**WORK INSTRUCTION**
An exact copy of every entry below is required, and no picture may appear in it.

(Collected data entries)

---------------

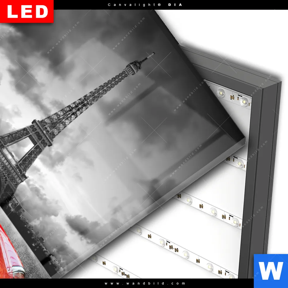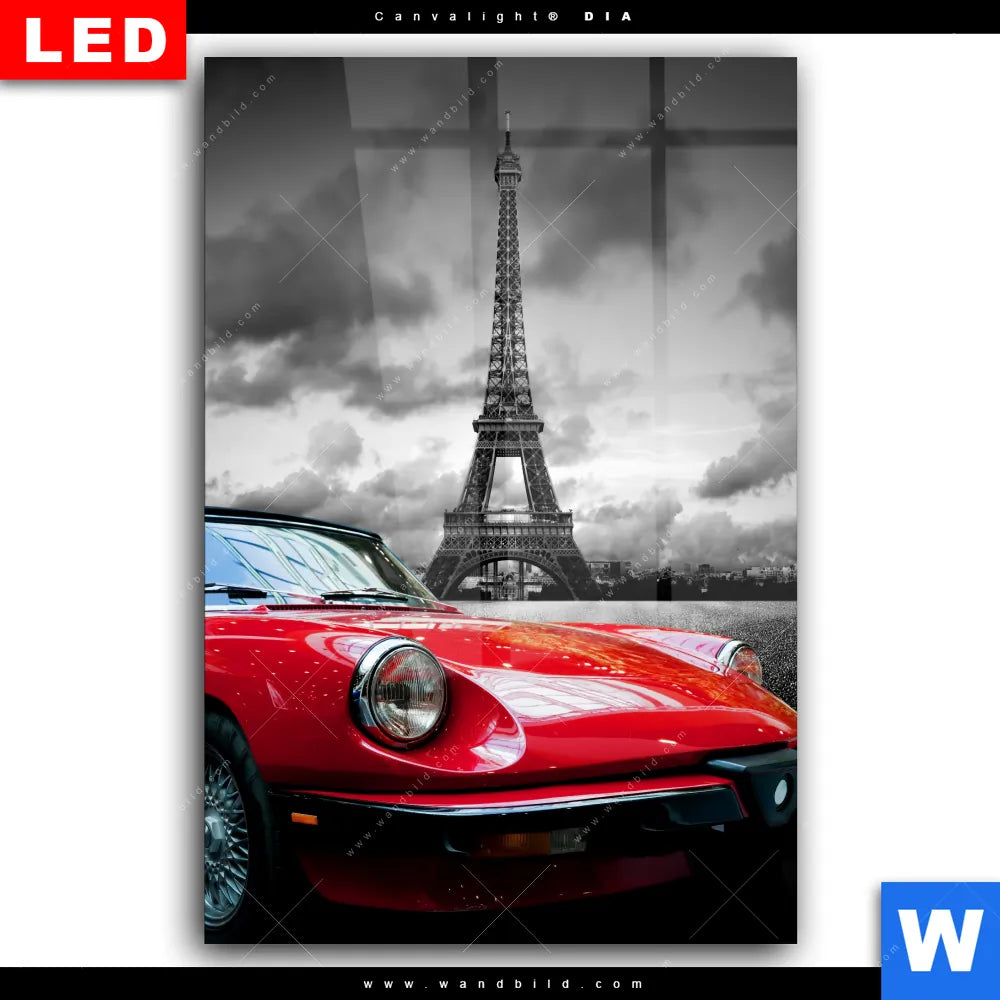 Wechselmotiv Acrylglas Canvalight® DIA | Eiffelturm & Rotes Auto | Hochformat
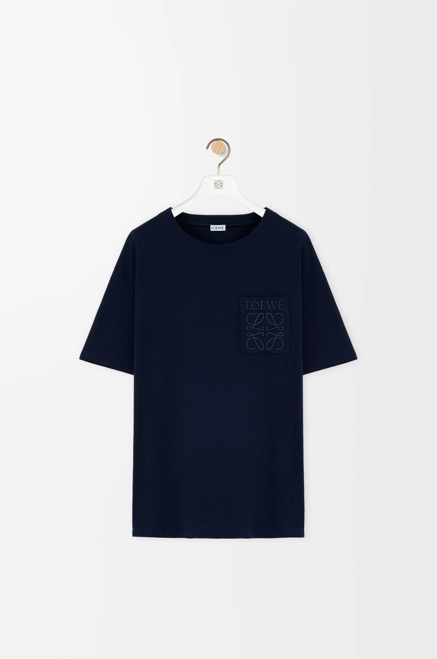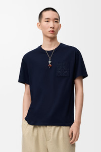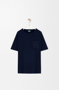 T-shirt in lightweight cotton. - Relaxed fit, regular length - Crew neck - Ribbed collar - LOEWE Anagram embroidery placed on the chest patch pocket Colour: Dark Navy Main material: Cotton Weight: 0.2 kg Made in: Portugal Materials & care Main Material: 100% cotton Other Material: 99% cotton 1% elastane
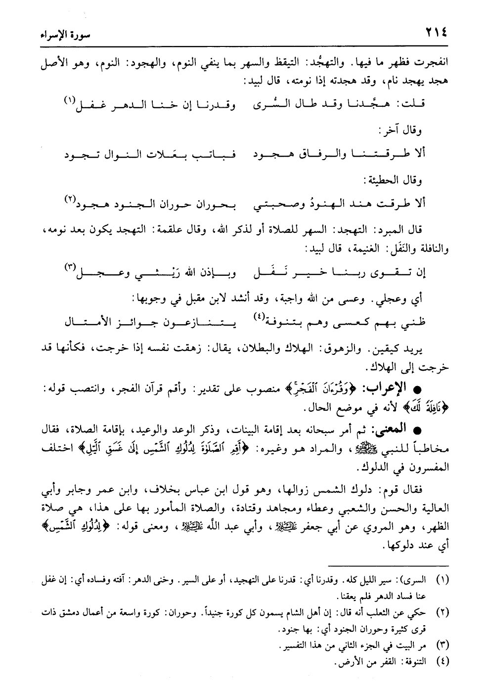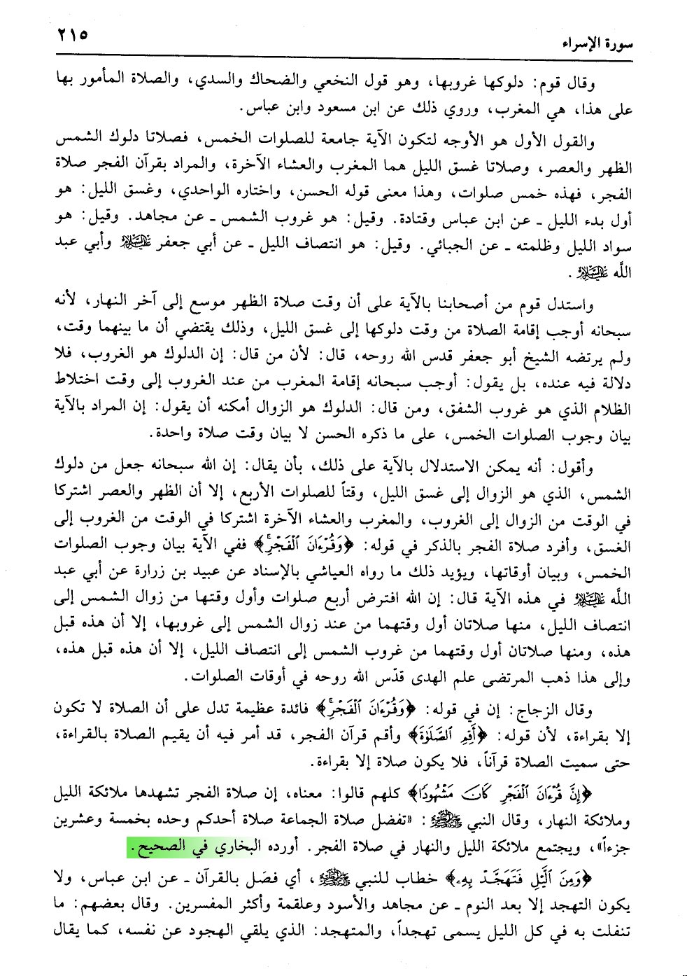 أَقِمِ الصَّلاةَ لِدُلُوکِ الشَّمْسِ إِلَی غَسَقِ اللَّیْلِ وَقُرْآنَ الْفَجْرِ إِنَّ قُرْآنَ الْفَجْرِ کَانَ مَشْهُودًا﴿۷۸﴾ وَمِنَ اللَّیْلِ فَتَهَجَّدْ بِهِ نَافِلَةً لَکَ عَسَی أَنْ یَبْعَثَکَ رَبُّکَ مَقَامًا مَحْمُودًا﴿۷۹﴾ وَقُلْ رَبِّ أَدْخِلْنِی مُدْخَلَ صِدْقٍ وَأَخْرِجْنِی مُخْرَجَ صِدْقٍ وَاجْعَلْ لِی مِنْ لَدُنْکَ سُلْطَانًا نَصِیرًا﴿۸۰﴾ وَقُلْ جَاءَ الْحَقُّ وَزَهَقَ الْبَاطِلُ إِنَّ الْبَاطِلَ کَانَ زَهُوقًا﴿۸۱﴾
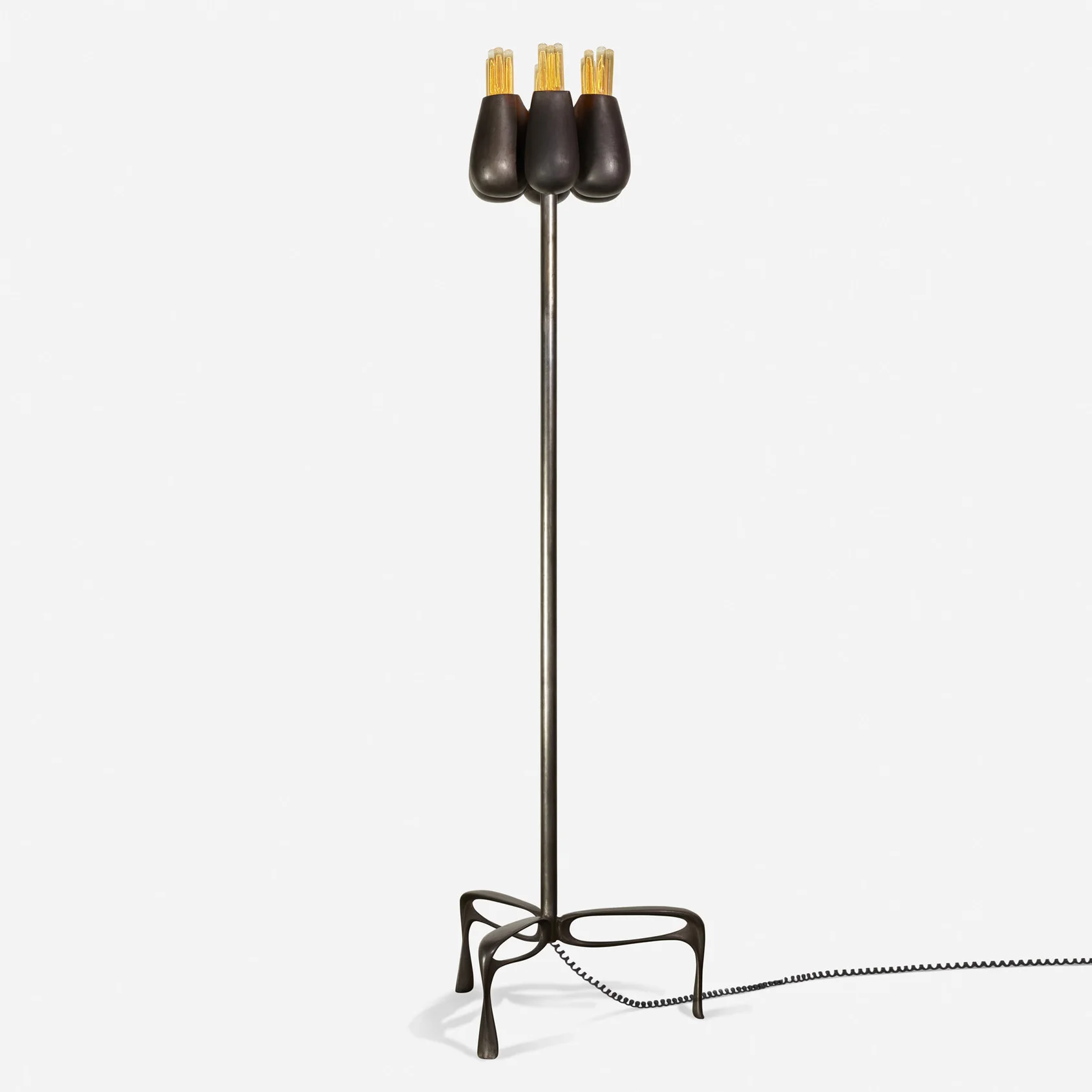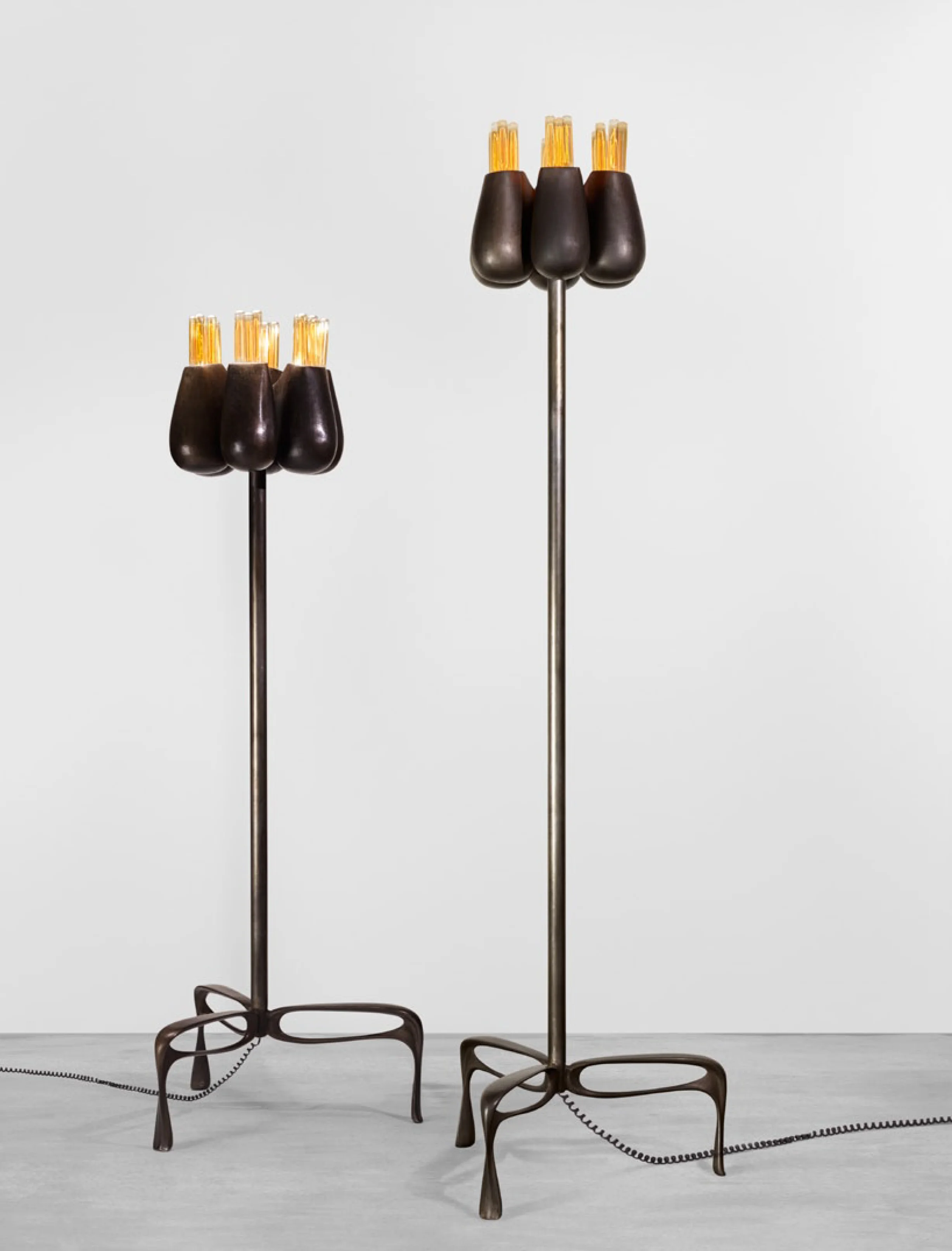 The legs and lamp pod were created using a combination of hand carving, 3-D scanning and inverted 3-D printing. These elements were then cast in recycled magnesium-aluminum, burnished, acid-rubbed and then welded.
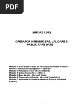 Curs Operator Introducere Validare și Prelucrare Date Centrul De Calificare Feg

---------------

**OUTPUT FOR THIS EXERCISE**
 Wechselmotiv Acrylglas Canvalight® DIA | Eiffelturm & Rotes Auto | Hochformat
 T-shirt in lightweight cotton. - Relaxed fit, regular length - Crew neck - Ribbed collar - LOEWE Anagram embroidery placed on the chest patch pocket Colour: Dark Navy Main material: Cotton Weight: 0.2 kg Made in: Portugal Materials & care Main Material: 100% cotton Other Material: 99% cotton 1% elastane
 أَقِمِ الصَّلاةَ لِدُلُوکِ الشَّمْسِ إِلَی غَسَقِ اللَّیْلِ وَقُرْآنَ الْفَجْرِ إِنَّ قُرْآنَ الْفَجْرِ کَانَ مَشْهُودًا﴿۷۸﴾ وَمِنَ اللَّیْلِ فَتَهَجَّدْ بِهِ نَافِلَةً لَکَ عَسَی أَنْ یَبْعَثَکَ رَبُّکَ مَقَامًا مَحْمُودًا﴿۷۹﴾ وَقُلْ رَبِّ أَدْخِلْنِی مُدْخَلَ صِدْقٍ وَأَخْرِجْنِی مُخْرَجَ صِدْقٍ وَاجْعَلْ لِی مِنْ لَدُنْکَ سُلْطَانًا نَصِیرًا﴿۸۰﴾ وَقُلْ جَاءَ الْحَقُّ وَزَهَقَ الْبَاطِلُ إِنَّ الْبَاطِلَ کَانَ زَهُوقًا﴿۸۱﴾
 The legs and lamp pod were created using a combination of hand carving, 3-D scanning and inverted 3-D printing. These elements were then cast in recycled magnesium-aluminum, burnished, acid-rubbed and then welded.
 Curs Operator Introducere Validare și Prelucrare Date Centrul De Calificare Feg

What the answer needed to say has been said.